## TASK DIRECTIONS
There is one span to output from the data below: the lines starting at the line with "20日-30日-60日均线 【乌云密布】卖出点 看空信号,后市看跌,卖出" and ending at the line with "Для двух объектов". Output it exactly, ends included, nothing more.

## WORKING DATA
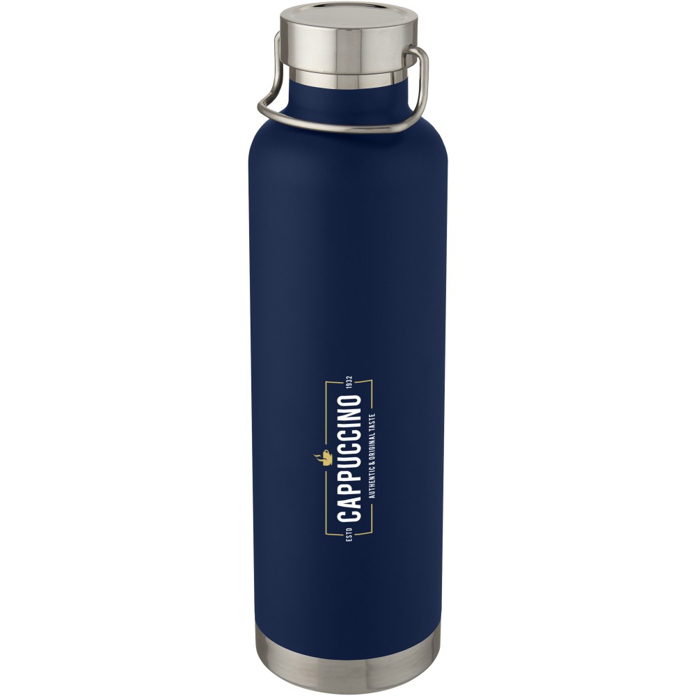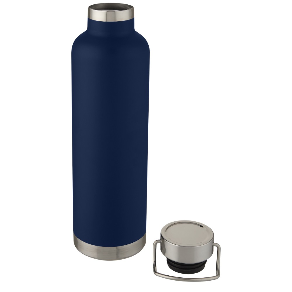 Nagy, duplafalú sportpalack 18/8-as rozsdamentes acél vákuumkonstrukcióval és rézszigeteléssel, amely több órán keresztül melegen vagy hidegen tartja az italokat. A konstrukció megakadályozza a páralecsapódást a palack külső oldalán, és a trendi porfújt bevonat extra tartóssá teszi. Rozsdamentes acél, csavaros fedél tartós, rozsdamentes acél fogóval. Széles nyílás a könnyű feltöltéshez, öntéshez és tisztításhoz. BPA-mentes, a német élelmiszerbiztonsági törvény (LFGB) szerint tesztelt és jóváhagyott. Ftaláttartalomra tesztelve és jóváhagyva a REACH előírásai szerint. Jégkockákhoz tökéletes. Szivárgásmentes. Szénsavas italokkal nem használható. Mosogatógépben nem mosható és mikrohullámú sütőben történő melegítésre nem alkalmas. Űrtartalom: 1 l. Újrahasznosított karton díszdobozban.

---

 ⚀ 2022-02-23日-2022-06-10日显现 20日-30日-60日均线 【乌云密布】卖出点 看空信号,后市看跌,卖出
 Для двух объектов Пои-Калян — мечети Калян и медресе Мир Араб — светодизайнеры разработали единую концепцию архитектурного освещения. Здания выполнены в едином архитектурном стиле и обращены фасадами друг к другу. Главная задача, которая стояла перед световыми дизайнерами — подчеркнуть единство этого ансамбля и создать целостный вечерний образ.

## WRITTEN REPLY
 ⚀ 2022-02-23日-2022-06-10日显现 20日-30日-60日均线 【乌云密布】卖出点 看空信号,后市看跌,卖出
 Для двух объектов Пои-Калян — мечети Калян и медресе Мир Араб — светодизайнеры разработали единую концепцию архитектурного освещения. Здания выполнены в едином архитектурном стиле и обращены фасадами друг к другу. Главная задача, которая стояла перед световыми дизайнерами — подчеркнуть единство этого ансамбля и создать целостный вечерний образ.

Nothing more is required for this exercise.